如何用tm包中的单词删除括号?

时间:2015-10-16 11:08:17

标签: r tm punctuation

我们说我在这样的文件中有部分文本:

"Other segment comprised of our active pharmaceutical ingredient (API) business,which..."

我想删除"(API)",它需要在

之前完成
corpus <- tm_map(corpus, removePunctuation) 

删除&#34;(API)&#34;后,它应如下所示:

"Other segment comprised of our active pharmaceutical ingredient business,which..."

我搜索了很长时间,但我只能找到关于删除括号的答案,我内心中的单词也不想出现在语料库中。

我真的需要有人给我一些提示。

2 个答案:

答案 0 :(得分:1)

如果它只是单个单词,那么(未经测试)如何:

removeBracketed <- content_transformer(function(x, ...) {gsub("\\(\\w+\\)", "", x)})
tm_map(corpus, removeBracketed)

答案 1 :(得分:1)

您可以使用更智能的标记器,例如 quanteda 包中的标记器,removePunct = TRUE将自动删除括号。

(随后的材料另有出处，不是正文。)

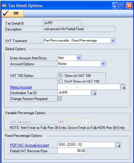 VAT Allocation - This is used to say how the VAT will be allocated for the Partial Recoverable Variable Percentage treatment. If you choose gross then the VAT will be distributed to the purchase account, and the recoverable portion will be deducted later. If you choose net then the VAT will be distributed to the account for the current tax detail id. The VAT will be then be deducted in full later, the recoverable amount put into the destination tax detail id’s account, and the non-recoverable part put in either the non-recoverable tax account (if present) or back into the purchase account.
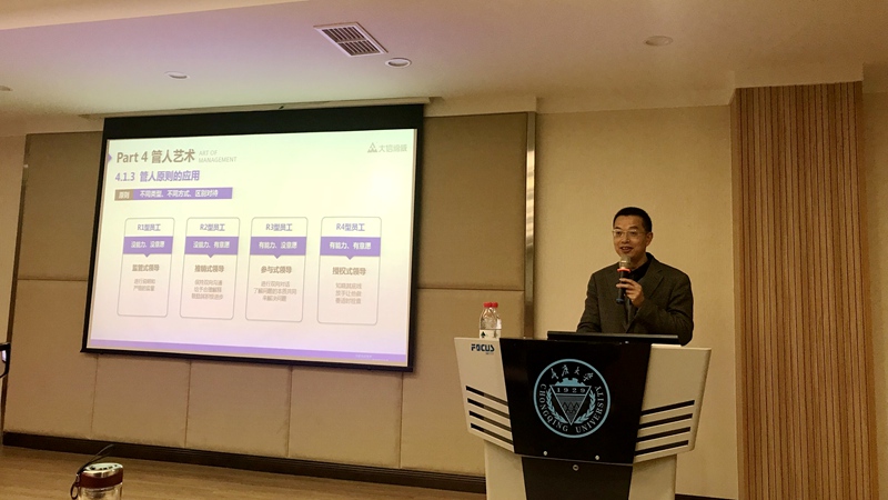 本次讲座主要分为两部分,首先张辅辙介绍了“管理的艺术”的相关理论,然后结合大信会计师事务所公司的管理实践,从道、法、术、器、势五个方面向到场师生进行分享。
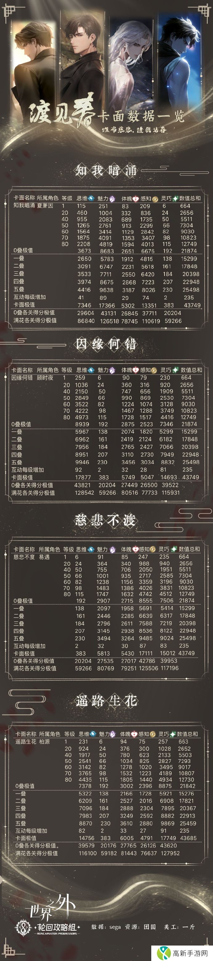 渡见春最新活动卡面主题分别为知我暗涌—夏萧因、因缘何错—顾时夜、慈悲不渡—易遇、遥路生花—柏源四个,每个都根据卡面名称、所属角色、等级、思维、魅力、体魄、感知、灵巧、数值总和、0叠、一叠、二叠、三叠、
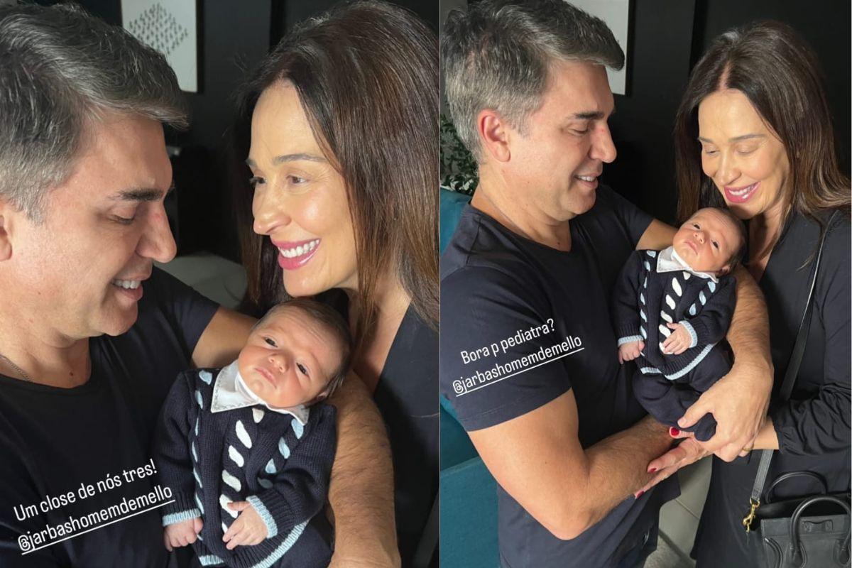 “Bora para o pediatra?”, escreveu ela na legenda do post feito através dos stories do Instagram. Na sequência, a atriz mostrou outra foto dela, Luca e Jarbas mais de perto e escreveu: “Um close de nós três!”. O bebê aparece com um lindo conjunto azul, enquanto os pais o admiram sorridentes.
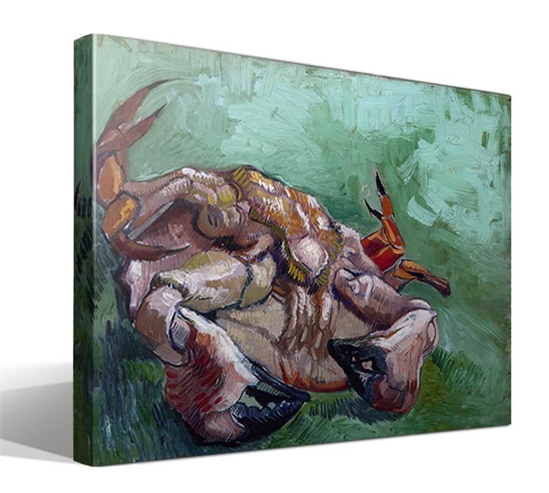 Pintura al óleo del artista Vincent van Gogh en la que representa una naturaleza muerta, dando lugar a un cangrejo boca arriba con un fondo verde profundo. Ideal para reproducir como cuadro o fotomural para tus paredes.
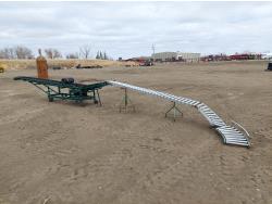 adjustable height, reversible 110V 1HP single phase Westinghouse motor, 15 inch W belt, includes (1) 10 ft extension w/ 14 inch rollers, (2) 34 inch L corner transitions w/ 14 inch rollers, and (2) tripods
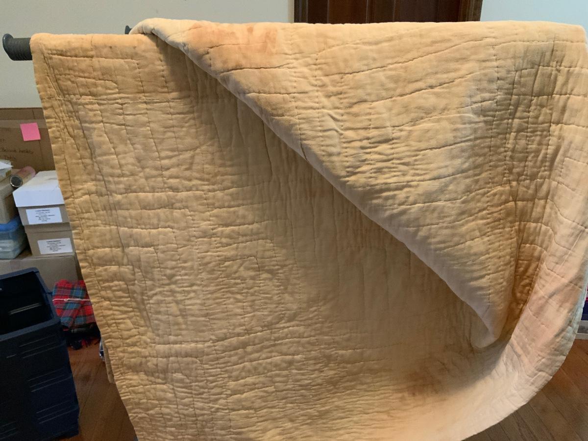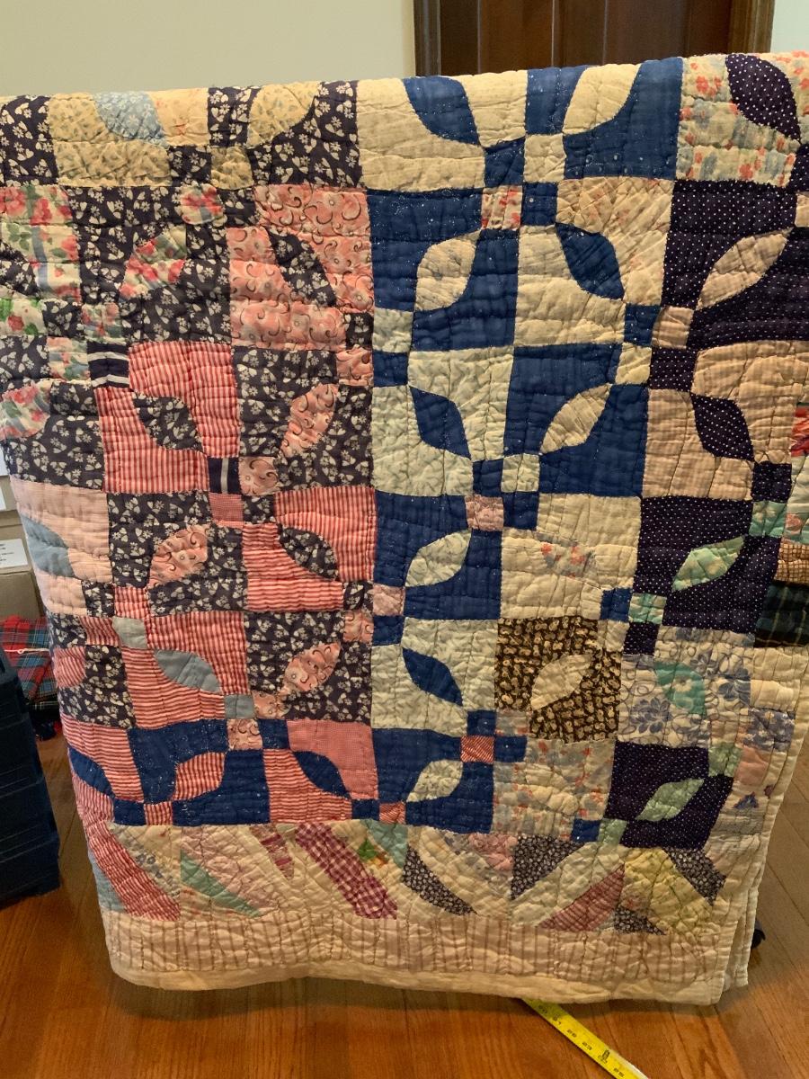 Drunkard’s Path block patterned Vintage Quilt 70” x 67”.. please note this quilt is very stained.

quanteda::tokenize(txt, removePunct = TRUE)
## tokenizedText object from 1 document.
## Component 1 :
##  [1] "Other"          "segment"        "comprised"      "of"             "our"            ## "active"         "pharmaceutical"
##  [8] "ingredient"     "API"            "business"       "which"         

<强>加了:

如果您想先将文字标记,那么您需要lapply gsub,直到我们在 quanteda valuetype添加正则表达式removeFeatures.tokenizedTexts() STRONG>。但这可行:

# tokenized version
require(quanteda)
toks <- tokenize(txt, what = "fasterword", simplify = TRUE)
toks[-grep("^\\(.*\\)$", toks)]
## [1] "Other"             "segment"           "comprised"         "of"                "our"               "active"           
## [7] "pharmaceutical"    "ingredient"        "business,which..."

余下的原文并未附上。